As soon as she had a chance, Fekete packed her car, headed north, and left her problems back in the buckle of the Bible Belt. Or, at least she thought she had. Still clinging to an abusive ex and trying to run from a restrictive Evangelical upbringing, she realized that no matter how fast she ran, the dark shadows she carried with her would always be one step away.


“I freaked out my first [Alaskan] winter and I remember telling my mom that I was going to move to San Francisco with a friend and she kind of dismissed me,” explains Fekete. “But when the first summer came around, I was able to find a better living situation and kind of get my feet under me.”

With the help of her grandparents, Fekete enrolled at UAA where she stayed “undeclared” as long as possible. Taking three general education classes and one art class each semester helped keep her sane enough to finally declare as an art major with a focus on wheel throwing ceramics.


Fekete said her grandparents, who were funding her tuition, were surprisingly supportive of her decision to pursue art. According to Fekete, if she was healthy and happy, her grandparents were happy to financially support her.


Despite her natural talent for crafting functional pottery, Fekete felt the pangs of restriction creeping up again.

“I just felt my work stagnating and I hated everything I was doing,” recalls Fekete with a deep sigh. “[UAA Art Professor] Steve Godfrey was working with me on my BFA application and suggested I take a break from wheel throwing and try hand building ceramics. After my first assignment, I was just like, ‘fuck, this is what I needed.’”


Free to create without a functional purpose, Fekete began to thrive as an artist. She also began down a path of self-discovery that enabled her to piece together the fragments of her personhood.


“I don’t go into a project thinking that I am going to tell story, it just kind of naturally happens a lot of times. Like, I remember being completely pissed about a sculpture I was working on and being so blocked. Then when I was getting lunch with my boyfriend, we came up with this crazy idea of recreating a pod of whales swimming against the ocean current, but instead of whales it would be penises and the waves would be vaginas,” laughs Fekete. “But what I came to realize is that I was trying to make sense of my own repressed sexuality and all the bullshit I was fed as a child about protecting my virginity. It was liberating to create dozens of little clay penises and vaginas!”
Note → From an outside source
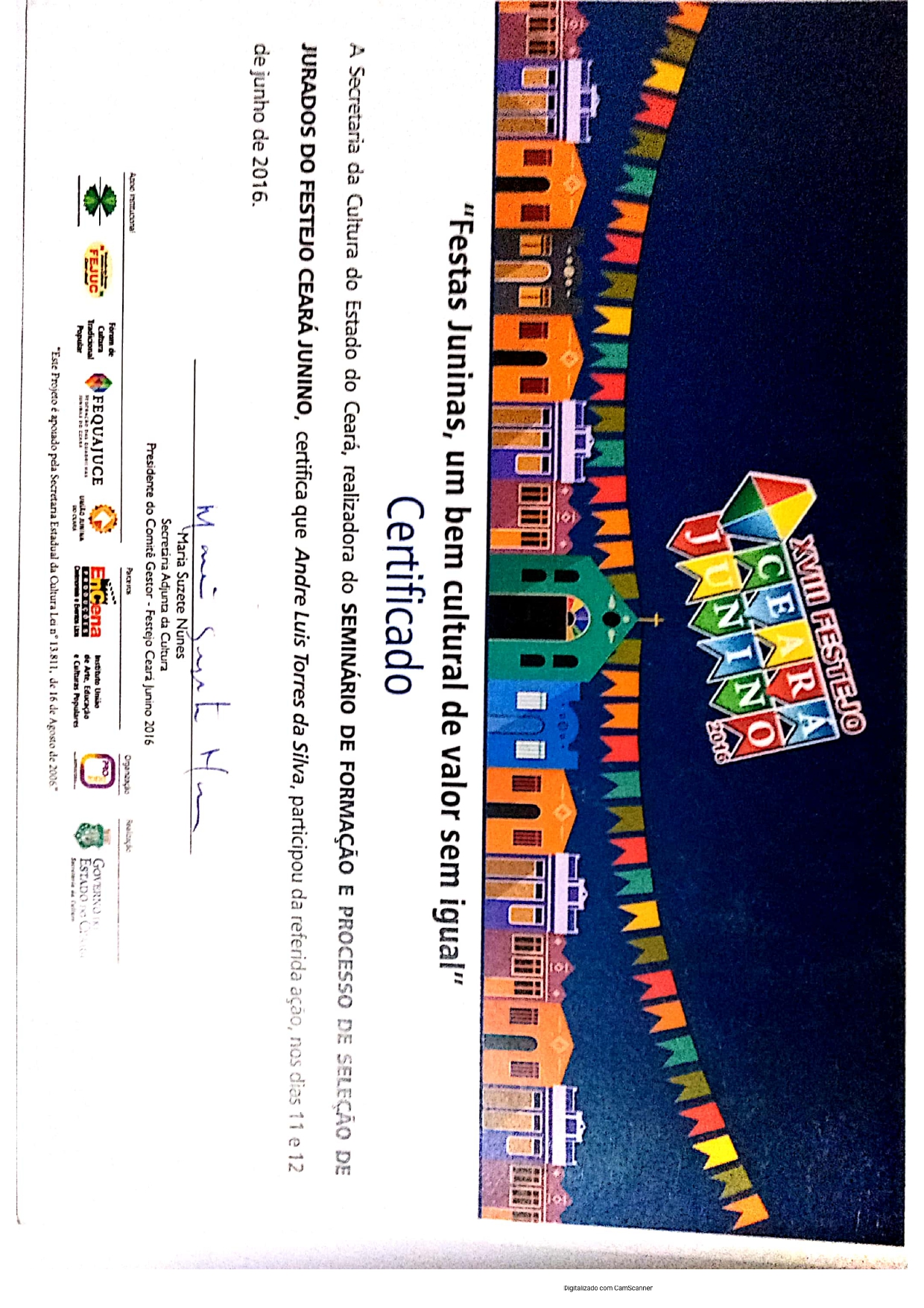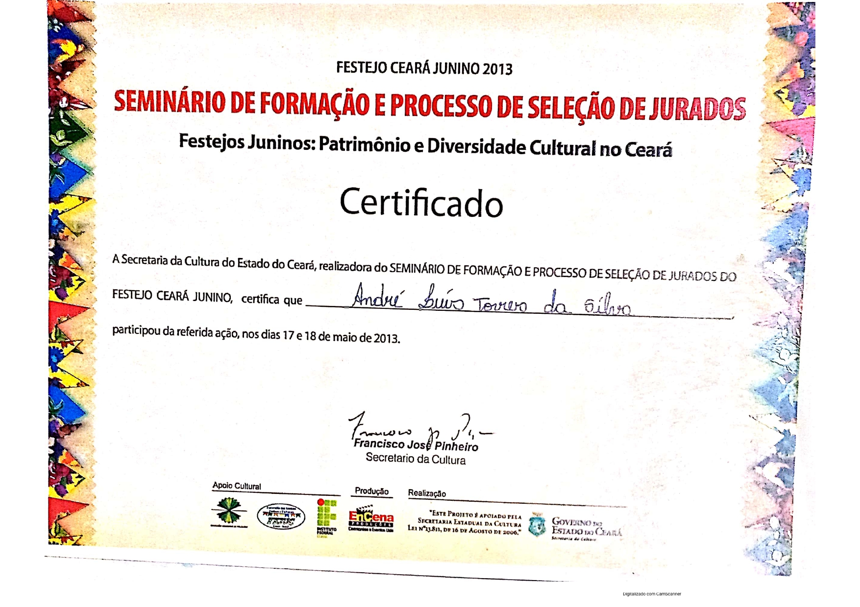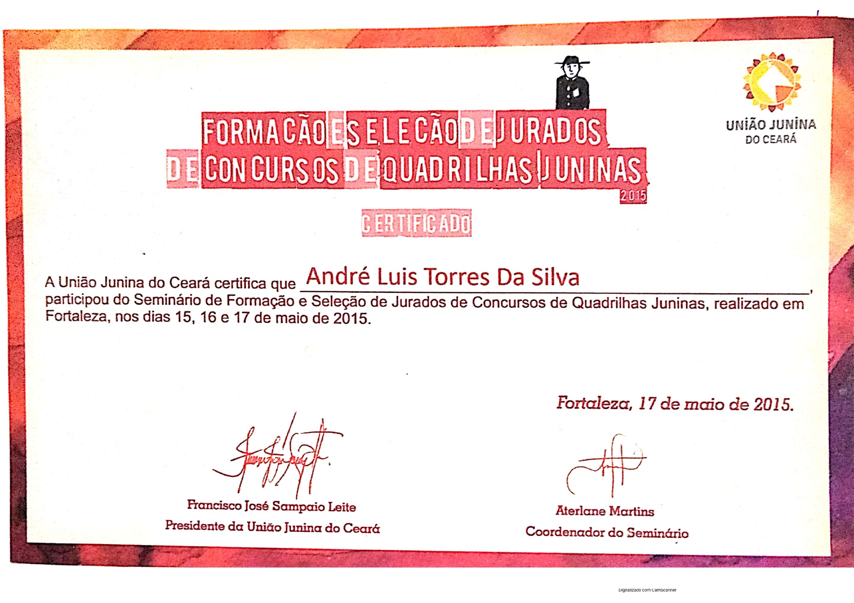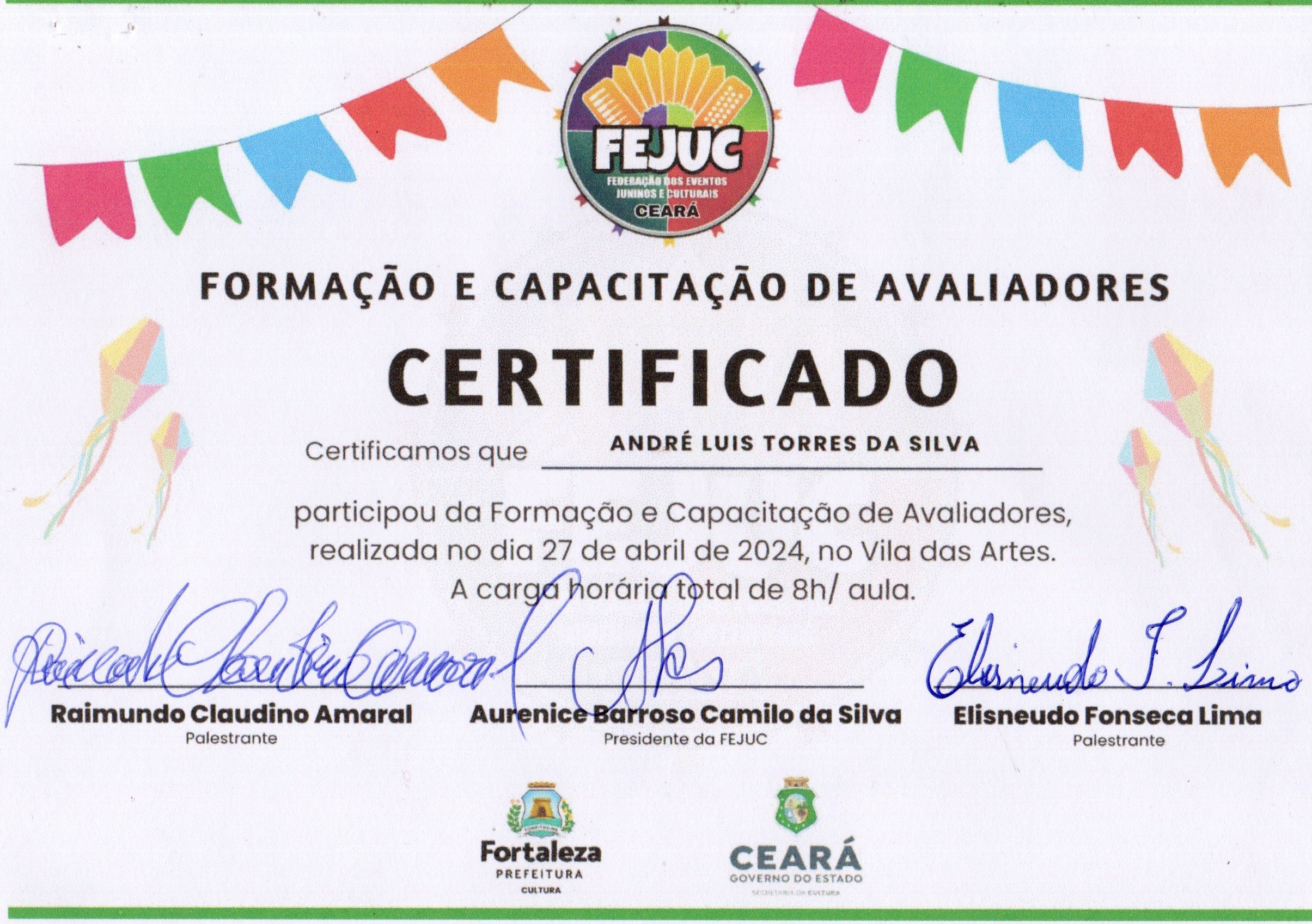 Meu nome é André Luis Torres da Silva e minha vida é marcada pela arte popular. Desde 1995, caminho no universo das quadrilhas juninas, primeiro como brincante, depois como coreógrafo, ajudando a transformar sonhos em dança, cor e emoção. Em 2004, abracei também a escrita dos casamentos matutos, levando humor e tradição para um dos momentos mais queridos do nosso São João.Minha história se mistura com a do Festejo Ceará Junino: participei como jurado desde o primeiro ano, permaneci até 2001 e, depois de uma pausa, retornei em 2013 para continuar contribuindo com meu olhar apaixonado e cuidadoso na avaliação das quadrilhas que espalham alegria pelo nosso estado.

Artistically, Fekete prefers to work cerebrally. Before she even touches clay, she thinks of a word she wants to express through her art. She then relentlessly searches the internet to see every permutation of her chosen word.


“I’ll look at the origin of the word, its antonyms, its synonyms, its visual representations. I mean, I just dig so deep into it that I can physically feel the word,” Fekete explains.


For her upcoming first solo show, Fekete is exploring a new word and it isn’t one she expected to encounter.


“Happy,” says Fekete with a grin. “For the first time in my life I can truly say that I am happy. Happy where I am. Happy with who I am. Yeah, I’m just happy.”